Next door to it, though, a glow from around the corner of a smaller building extended a welcome. That was the theater annex, a circular modern building that contained the shop, the kitchen, the offices and rows and rows of costumes hung on galvanized pipe racks between wooden catwalks.

The annex survived the fire. Now it is the hangout of a small group of arts devotees who believe the City of Los Angeles will someday rebuild the theater so they can go back to what they had done for 20 years before the fire, producing live theater by and for the people of Los Angeles.

Several evenings each week, small groups gather there to practice the theater arts.

This was Wednesday, dance night.

I followed the light to a door and rang the bell. Harold Brown, the voice instructor, let me into a hallway decorated in homey fashion with a desk, old couches and chairs and a television tuned to an arts program.
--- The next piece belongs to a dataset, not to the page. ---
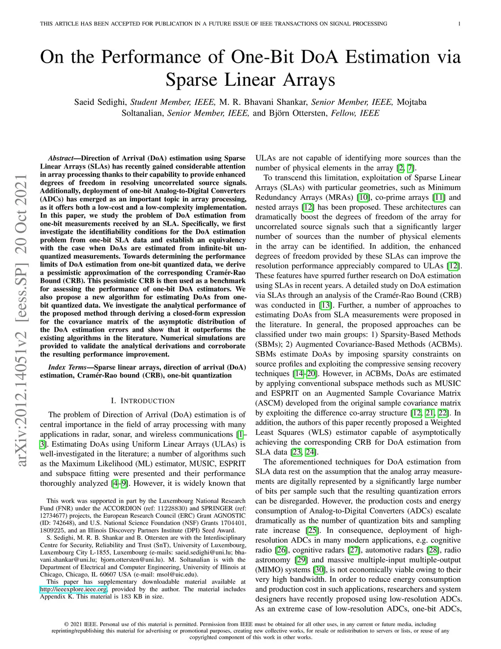Direction of Arrival (DoA) estimation using Sparse Linear Arrays (SLAs) has recently gained considerable attention in array processing thanks to their capability to provide enhanced degrees of freedom in resolving uncorrelated source signals. Additionally, deployment of one-bit Analog-to-Digital Converters (ADCs) has emerged as an important topic in array processing, as it offers both a low-cost and a low-complexity implementation. In this paper, we study the problem of DoA estimation from one-bit measurements received by an SLA. Specifically, we first investigate the identifiability conditions for the DoA estimation problem from one-bit SLA data and establish an equivalency with the case when DoAs are estimated from infinite-bit unquantized measurements. Towards determining the performance limits of DoA estimation from one-bit quantized data, we derive a pessimistic approximation of the corresponding Cram\'{e}r-Rao Bound (CRB). This pessimistic CRB is then used as a benchmark for assessing the performance of one-bit DoA estimators. We also propose a new algorithm for estimating DoAs from one-bit quantized data. We investigate the analytical performance of the proposed method through deriving a closed-form expression for the covariance matrix of the asymptotic distribution of the DoA estimation errors and show that it outperforms the existing algorithms in the literature. Numerical simulations are provided to validate the analytical derivations and corroborate the resulting performance improvement.

In blue jeans and a plaid shirt, Kathy Herbert, coordinator of the Cultural Arts Department’s theater program, sat on a couch stroking a cat on her lap.

The dance class was late assembling, so Herbert made conversation. Her favorite topic, as it has been since the fire, was her vision of the new Los Feliz Performing Arts Center, rising from the ashes of the old. It should be more formal than the old one, she said. It would have a proscenium stage and about 400 seats.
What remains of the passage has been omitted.